Divorce lawyers charge by the hour and typically take advance fees called retainers. We are prohibited from taking contingent fees for divorces. Our fees are governed by the Code of Professional Responsibility which says that they must be “reasonable”. We are given a set of factors to determine what is reasonable and what is not. The factors include such things as how complex the case is and the amounts at stake.

Gary Cohen, a divorce lawyer in Greenwich, Connecticut represented a real estate developer in a marital estate worth one hundred million dollars. Mr. Cohen’s fee was $450 an hour. However, during mediation he asked his client for a three hundred thousand dollar bonus, which pushed his fee to $1,500 an hour. Now he is being investigated by state disciplinary officials to see if his fee was reasonable or not. From News 8 in Connecticut.

Shacking Up for Seniors

Friday, November 3rd, 2006

Divorce, like everything else, becomes more complicated with age. That is because there are usually more assets, like real estate, businesses, stocks and pensions to sort out.

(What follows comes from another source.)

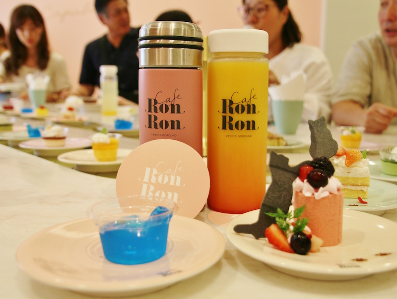 迴轉台上的點心各個精緻可愛,特別主打的是結合貓咪造型餅(註:口感吃起來類似最中餅外層的餅皮)的甜點。其實,店名中的「Ron Ron」是取自法文(法文原文是:ronronner),用來形容貓咪滿足時發出的呼嚕聲,所以有幾款甜點上特別加上貓咪元素,不僅用美味甜點征服饕客的胃,也用可愛的設計征服貓奴的心。除了甜點之外,店家也貼心提供鹹口味的小點心,可以滿足想要一次品嘗甜鹹口感的慾望。

Now comes word that more and more seniors are opting to live together without benefit of matrimony to protect their assets and avoid the financial entanglements of marriage and divorce.

There are problems created by living together however. If one party owns the house, and that party dies, for example. The other party can be thrown out by the heirs and end up homeless.

Or if both parties have contributed to the mortgage and repairs of a house for several years, and they split up, this can lead to claims and litigation.

There are two legal solutions to these situations depending on whether you want to get married or not. If you are living together, a Cohabitation Agreement can set out rights and responsibilities even though you are not married.

With a Cohabitation Agreement, the parties can fix their respective rights and liabilities with respect to property and other matters and thereby avoid conflicts later. They can ensure their living arrangement will not constitute a common law marriage in those states that still allow it.

The parties can determine how they will pay household bills. For example, they can set up a joint bank account to which each contributes a fixed amount per month. And they can agree that purchases made with these funds will be joint property.

A Cohabitation Agreement will usually define separate property. For example, separate property may include all assets at the beginning of the cohabitation plus gifts and inheritances, plus earnings before and during the cohabitation.

You can agree that joint property will be property purchased together during cohabitation with each owning a certain percentage of joint property. Commingled property can be presumed to be joint property. Upon termination of the agreement, that is when and if you cease to live together, joint property will be dividing according to percentage of ownership. Here is an example of a Cohabitation Agreement.

If you wish to marry, then a Pre-Nuptial Agreement can your protect assets, including real estate, stocks, pensions and business interests.

In connection with both Agreements, you may need to change deeds, insurance policies, pension beneficiaries and your will to make sure everything goes to the right person in the event of death.